UPDATE The statebins package is now available on CRAN

I became enamored (OK, obsessed) with a recent visualization by the WaPo team which @ryanpitts tweeted and dubbed statebins:

In a very real sense they are heatmap-like cartograms (read more about cartograms in Monmonier’s & de Blij’s How to Lie With Maps). These statebins are more heat than map and convey quantitative and rough geographic information quickly without forcing someone to admit they couldn’t place AR, TN & KY properly if you offered them $5.00USD. Plus, they aren’t “boring” old bar charts for those folks who need something different and they take up less space than most traditional choropleths.

As @alexcpsec said in his talk at security summer camp:

Despite some posts here and even a few mentions in our book, geographic maps have little value in information security. Bots are attracted to population centers as there are more people with computers (and, hence, more computers) in those places; IP geolocation data is still far from precise (as our “Potwin Effect” has shown multiple times); and, the current state of attacker origin attribution involves far more shamanism than statistics.

Yet, there can be some infosec use cases for looking at data through the lens of a map, especially since “Even before you understand them, your brain is drawn to maps.”. To that end, while you could examine the WaPo javascript to create your own statebin visualizations, I put together a small statebins package that lets you create these cartogram heatmaps in R with little-to-no effort.

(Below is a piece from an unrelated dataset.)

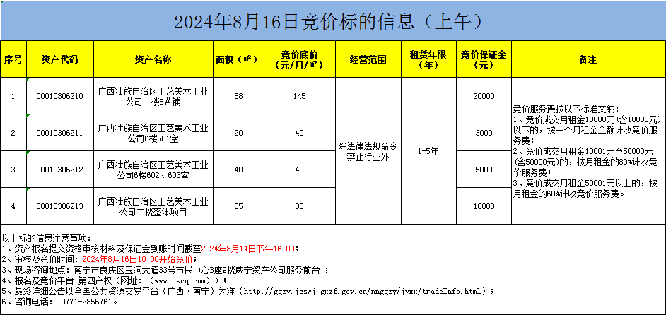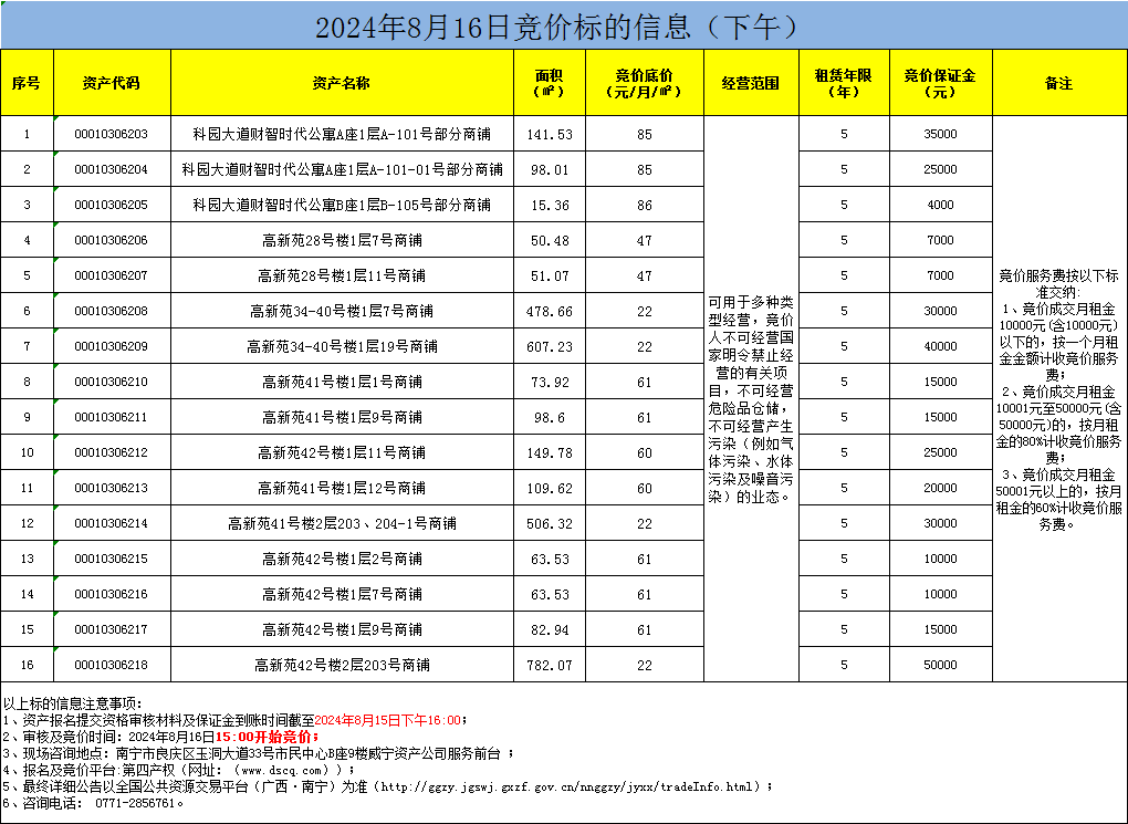 2024年8月16日上午/下午竞价标的信息(线上竞价)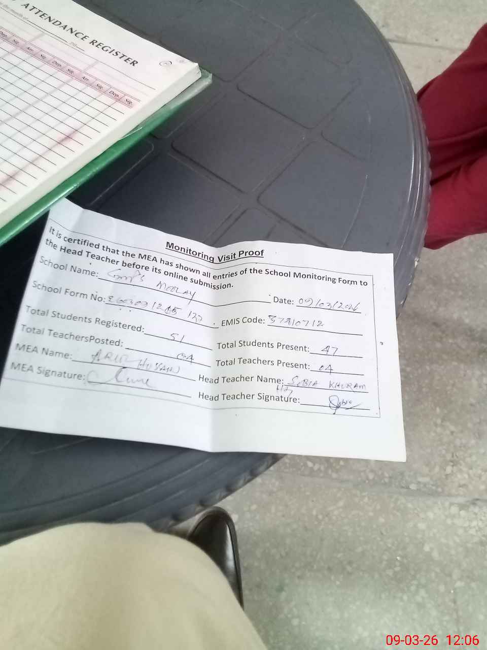 | Attendance Register | Head Teacher | MEA with School | Visit Proof |

Let’s look at one potential example: data breaches; specifically, which states have breach notification laws. Now, I can simply tell you that Alabama, New Mexio and South Dakota have no breach notification laws, but this:

took just 4 lines of code to produce:

library(statebins)
dat <- data.frame(state=state.abb, value=0, stringsAsFactors=FALSE)
dat[dat$state %in% c("AL", "NM", "SD"),]$value <- 1
statebins(dat, breaks=2, labels=c("Yes", "No"), brewer_pal="PuOr",
          text_color="black", font_size=3,
          legend_title="State has breach law", legend_position="bottom")

and makes those three states look more like the slackers they are than the sentence above conveyed.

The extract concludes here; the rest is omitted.